Das Ziel ist die Jagd ist die Jagd

Die langwierigen Kämpfe machen World zu einem Geduldsspiel. Die Gegner lassen sich nicht an einem bestimmten Ort bekämpfen und erlegen. Sie laufen davon, suchen Schutz und machen Jagd auf kleinere Monster, um sich zu stärken. Oft ist der Spieler damit beschäftigt, seinem Opfer über Kilometer hinterherzurennen. Manchmal rennt dieses geradewegs in ein Territorium eines anderen großen Monsters und der Jäger hat zwei Gegner, mit denen er fertig werden muss. Das nervt vor allem dann, wenn dadurch das vorgegebene Zeitfenster für einen Auftrag abläuft und der Spieler von vorne beginnen muss.

Noch frustrierender kann die Lernkurve des Spiels sein: Jede Waffenklasse benötigt eine andere Steuerung und Spielweise, bereits das fordert Anfänger ordentlich. Relativ schnell begegnet der Spieler Monstern, die so stark sind, dass sie den Jäger mit einer einzigen Attacke erledigen können. Weicht er nicht aus, ist er tot. Erschwerend kommt hinzu, dass viele Aktionen, wie zum Beispiel das Nachladen des Bogengewehrs oder das Wetzen des Schwerts, im Kampf quälend lange Sekunden dauern. Der Spieler kann währenddessen nicht ausweichen und ist seinem Gegner ausgeliefert.
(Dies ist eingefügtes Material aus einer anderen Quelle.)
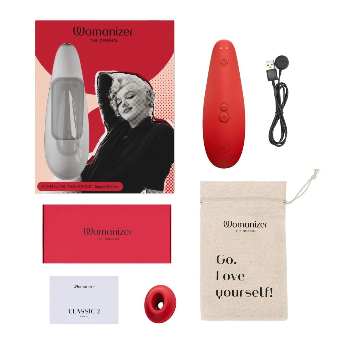 Лимитированная версия вакуумного стимулятора Womanizer Classic 2 выполнена в новом красном цвете, вдохновленным изысканным вкусом Мэрилин Монро. Бесподобная красавица стала в свое время иконой стиля и сексуальности, поэтому Womanizer хочет передать ту же силу самовыражения любой женщине при помощи своего бестселлера среди секс-игрушек. Вас ждет классическое удовольствие в супер-элегантном дизайне!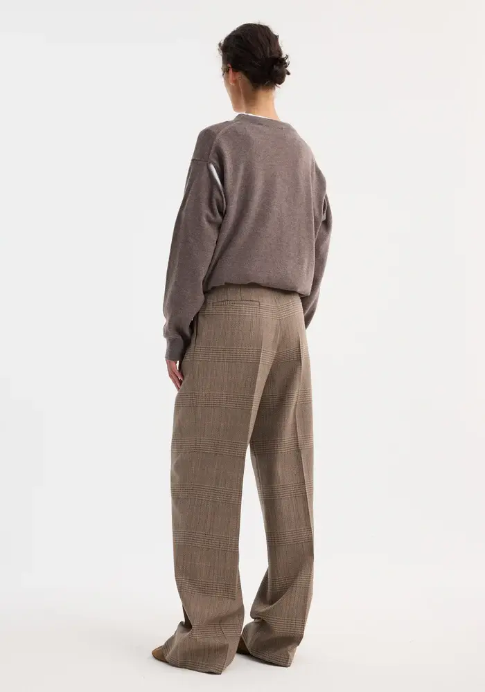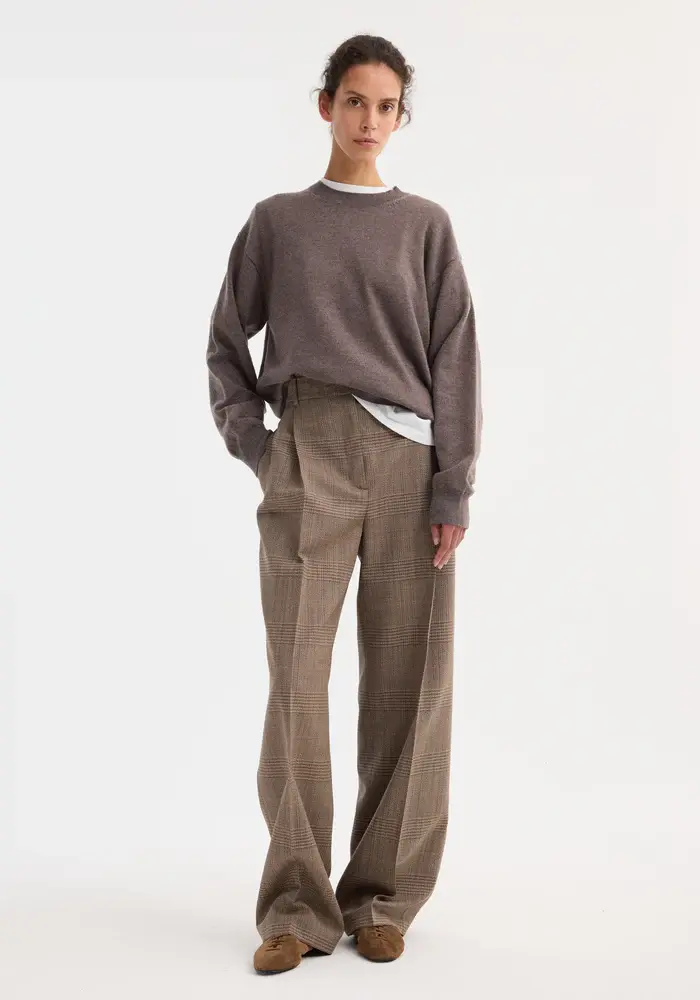 Introducing our classic mid-waist tailored trousers crafted from a beautiful pure virgin wool fabric in Prince of Wales check print. With a tailored waistband, sharp double pleats and a flattering wide leg.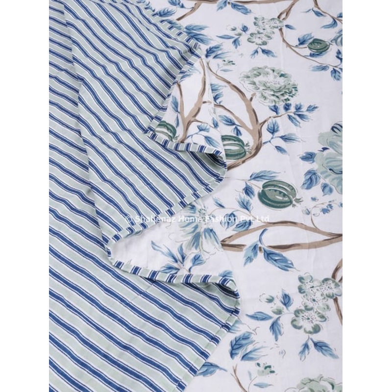 Unwind in Sunshine & Style: Calendula Print Dohar. Immerse yourself in a burst of sunshine with the Calendula Print Blue Dohar. Crafted from 100 percent breathable cotton muslin, this lightweight dohar features a captivating calendula floral design in a calming shade of blue. Double the Delight, Reversible Design: One side showcases the enchanting calendula floral design, adding a touch of cheer to your bedroom. Flip the dohar to reveal a stylish stripe pattern in contrasting colors, offering a versatile look to complement your mood or dcor.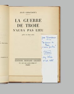 “Jean Giraudoux, La Guerre de Troie n’aura pas lieu, 5.000 (fr.) chez Loliée, 1er oct. 1985”.

Ein falscher Knopfdruck kann bedeuten, dass der Spieler von vorne beginnen muss.

Bei Monster Hunter: World sind diese Momente besonders ärgerlich. Während andere Spiele eine Geschichte erzählen, auf deren Ausgang man gespannt wartet, geht es hier nur darum, neue Ausrüstung zu erbeuten. Dass dieses Spielprinzip funktionieren kann, zeigt etwa die erfolgreiche Diablo-Reihe. Das klappt aber nur, wenn die Kämpfe Spaß machen, Abwechslung bieten und einigermaßen fair sind. Hier müssen die Entwickler von Monster Hunter: World noch nachlegen.

"Monster Hunter: World" ist am 26. Januar 2018 für Playstation 4 und Xbox One erschienen. Eine PC-Version ist angekündigt.